Alarming congressional China commission report details shifting balance of power in Asia

Special to WorldTribune.com

Bill Gertz, Washington Free Beacon

China’s decades-long buildup of strategic and conventional military forces is shifting the balance of power in Asia in Beijing’s favor and increasing the risk of a conflict, according to a forthcoming report by a congressional China commission. …

People's Liberation Army troops in northeast China's Jilin province. / AP
People’s Liberation Army troops in northeast China’s Jilin province. / AP

The report paints an alarming picture of China’s growing aggressiveness and expanding power, including development of two new stealth jets, the first deployment of a naval expeditionary amphibious group to the Indian Ocean, and aerial bombing exercises held in Kazakhstan. …

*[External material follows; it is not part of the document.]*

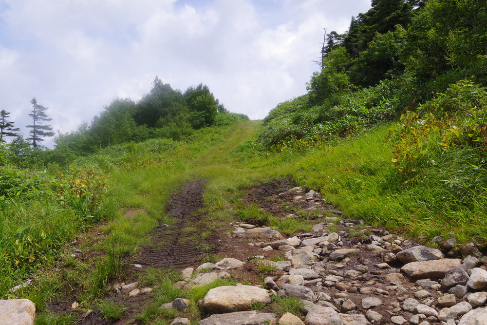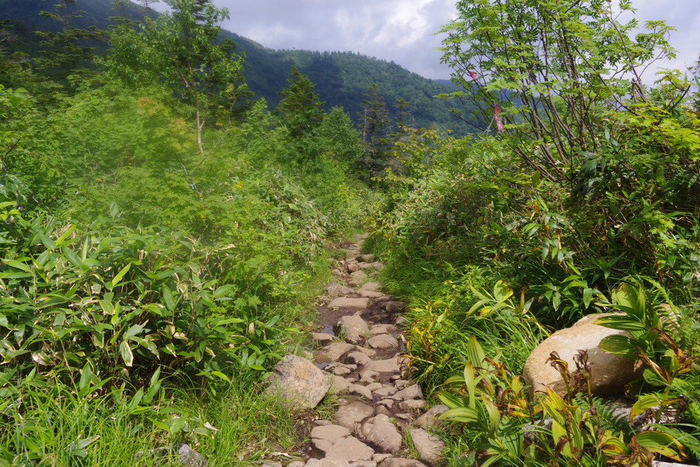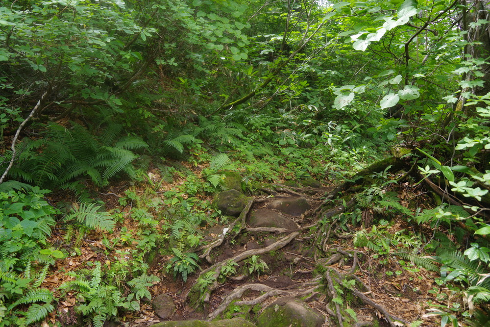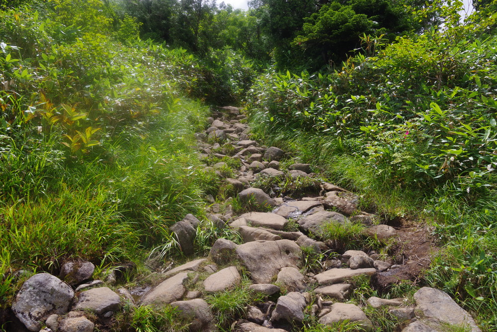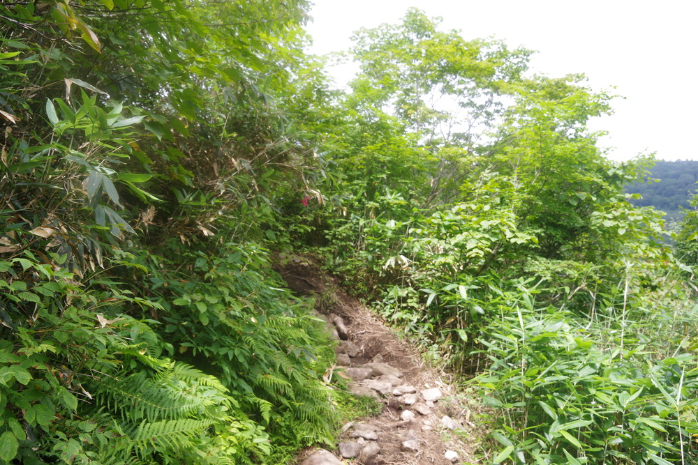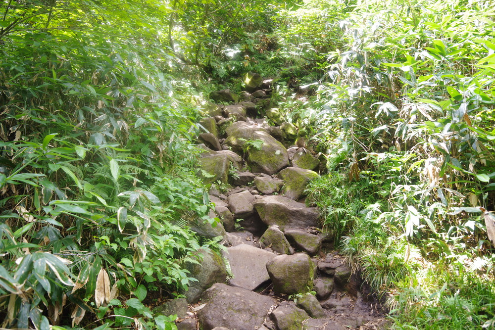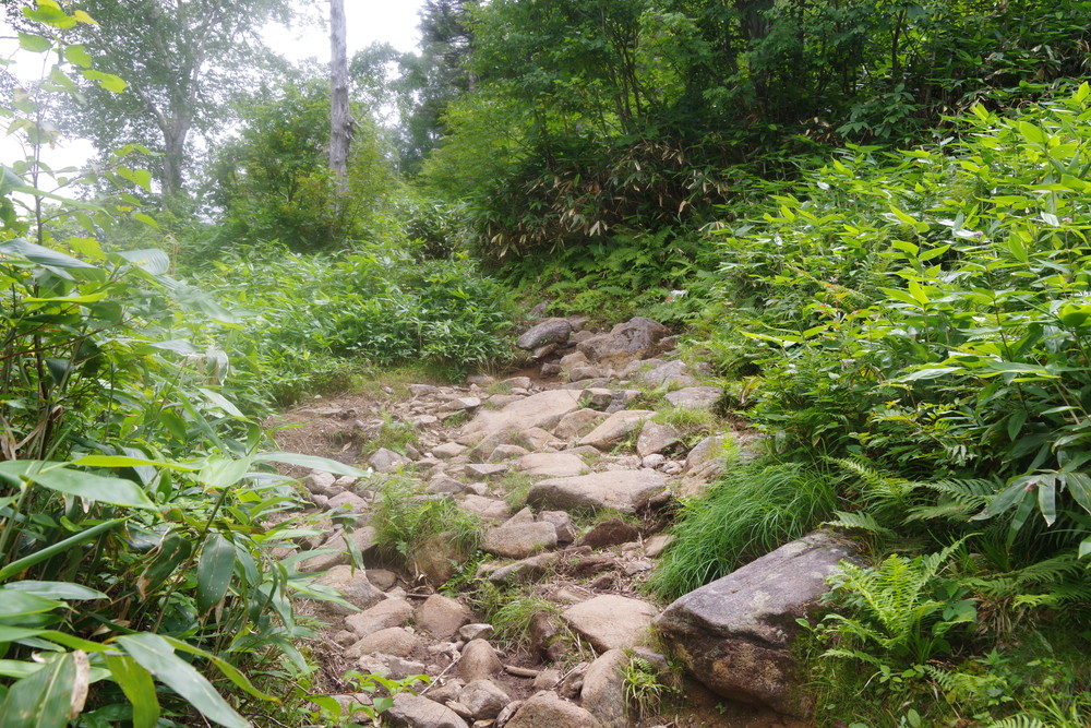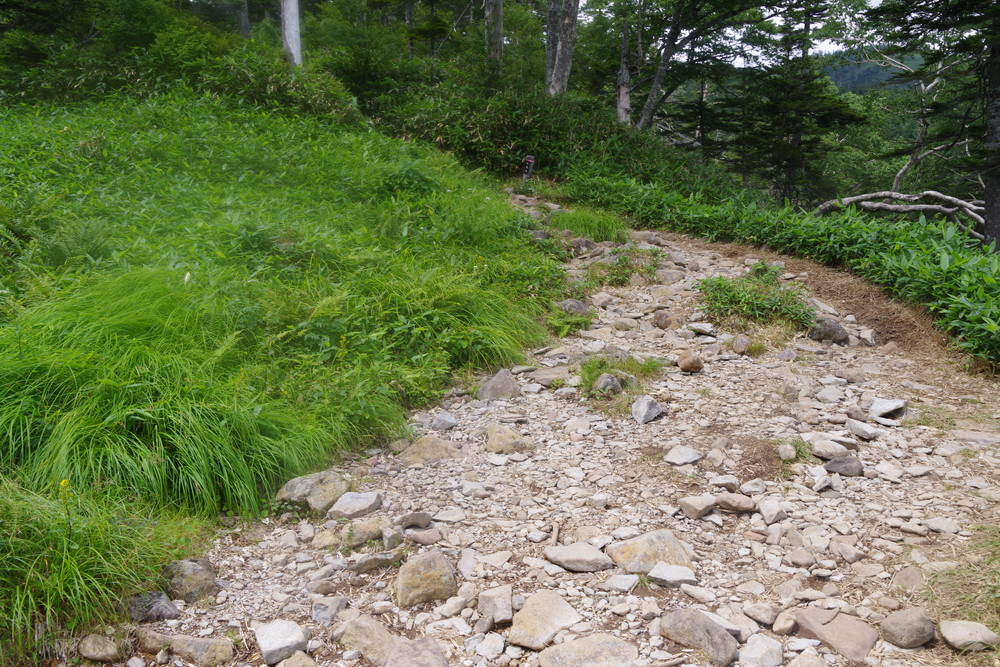ゲレンデを横切り本格登山道となるが岩々の道が続きなかなかしんどい。

“China’s rapid military modernization is altering the military balance of power in the Asia Pacific in ways that could engender destabilizing security competition between other major nearby countries, such as Japan and India, and exacerbate regional hotspots such as Taiwan, the Korean Peninsula, the East China Sea, and the South China Sea,” the report concludes in a section on military developments….

The report also confirms that China twice this year tested a new, ultra-high speed strategic strike vehicle called the Wu-14. When deployed, the Wu-14 will give the Chinese military the capability of attacking any target on earth in as little as “minutes to hours,” the report says. … A super fast strike vehicle that glides to its targets of speeds of up to nearly 8,000 miles per hour could be deployed by 2020 and a similar high-speed scramjet powered hypersonic attack vehicle could be fielded before 2025, the report says. …

The Pentagon after 2010 halted releasing annual assessments of Chinese missile forces that one expert said undercuts the Obama administration’s policy of seeking a more open Chinese military by “indirectly assisting Chinese secrecy.” … The Pentagon has not released an assessment of Chinese nuclear forces since 2006 when it said China had more than 100 warheads. Current estimates by non-government analysts place the number of Chinese nuclear warheads as from 250 to as many as 3,000. …

The network of some 3,000 miles of underground nuclear facilities is also being expanded, the report states. … The newest system is the DF-41 ICBM that is expected to be deployed as early as next year with up to 10 multiple nuclear warheads. The DF-41’s range of about 7,456 miles is sufficient “to target the entire continental United States,” the report states.